Sono poi "vietate le feste nei luoghi al chiuso e all’aperto, ivi comprese quelle conseguenti alle cerimonie civili e religiose", quindi niente pranzi o festeggiamenti dopo matrimoni, i battesimi, le comunioni o le cresime. "Restano comunque sospese le attività che abbiano luogo in sale da ballo e discoteche e locali assimilati, all’aperto o al chiuso". Sono vietate le sagre, le fiere di qualunque genere «e gli altri analoghi eventi». Fino al 24 novembre non sarà possibile organizzare nemmeno le fiere internazionali e sono sospesi congressi e convegni. Per le cerimonie vere e proprie (matrimoni, cresime, battesimi) il Dpcm consente "le funzioni religiose con la partecipazione di persone nel rispetto dei protocolli". La capienza deve essere indicata all’esterno dei luoghi di culto.

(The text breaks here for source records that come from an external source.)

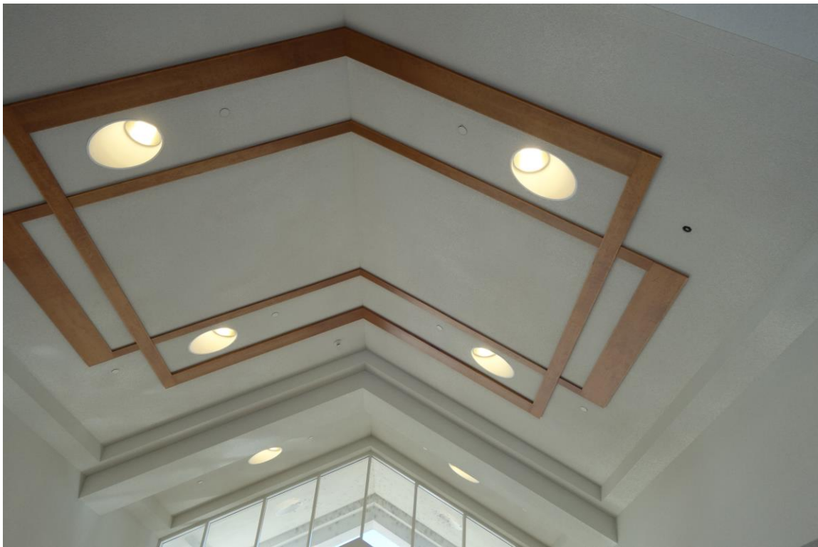
Nevada State Library & Archives - Building #1675 Description: Lighting Upgrade to LED Recommended.
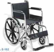
Model No. E-102 • Chrome plated steel frame • Fiber molded mag wheel • Fixed arm rest & foot rest
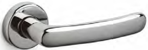
Emilia - M167
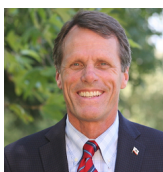
Sen. Ted Gaines Board of Equalization (Dist. 1)
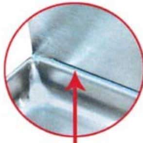
Typical silicone-filled seam design
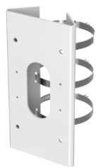
DS-1475ZJ-SUS Vertical Pole Mount
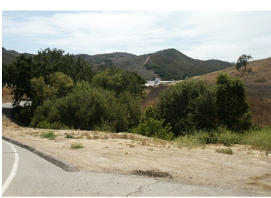
Wildlife corridor located within Liberty Canyon
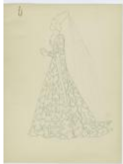
Medieval Inspired Dress with Conical Hennin (KA0067_000222)
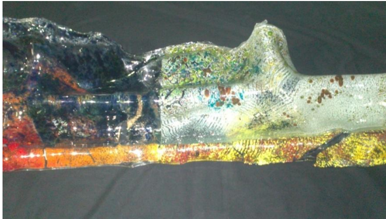
"Third Space" Glass Sculpture
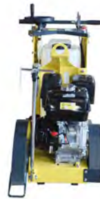
Water tank 25 L
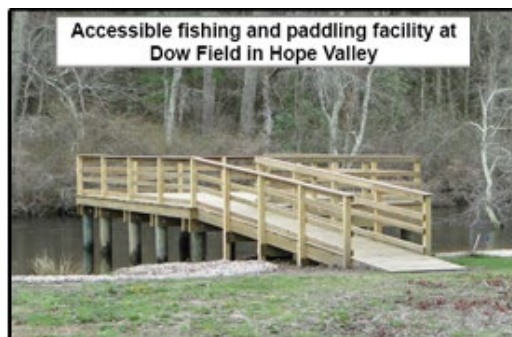
The Dow Athletic Field complex in Hope

Keeping the watershed healthy and accessible for all has been a consistent mission for WPWA. Now that your rivers are Wild & Scenic, WPWA plans to up its game by improving even more existing access areas and creating new ones. Sadly, many streamside access points allow stormwater to sweep gravel and road pollution directly into your rivers. Some also aren't designed or maintained to ensure that young and old folks alike can enjoy a safe interaction with the rivers. Thankfully, that is changing.
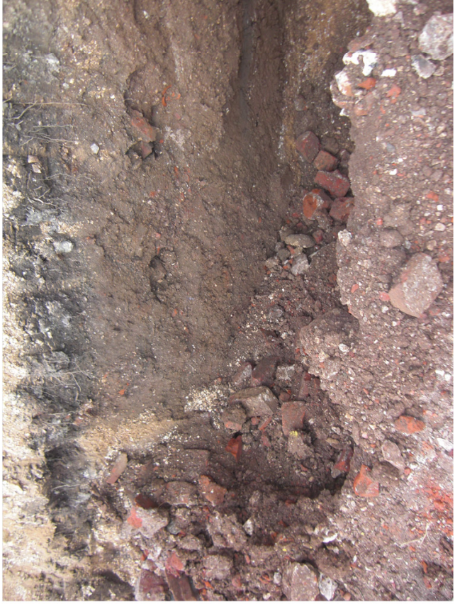
Plate 3. View of Footings.

Infine nel nuovo decreto cade il limite di sei ospiti in casa: ora nel Dpcm non c’è un numero massimo di persone che si possono invitare a casa. Ma il governo ha inserito - all’articolo 1, comma 9, lettera n - il divieto di feste al chiuso e all’aperto. "Con riguardo alle abitazioni private — si legge nel testo definitivo, già in Gazzetta Ufficiale — è fortemente raccomandato di non ricevere persone diverse dai conviventi, salvo che per esigenze lavorative o situazioni di necessità e urgenza". Una raccomandazione e non un divieto.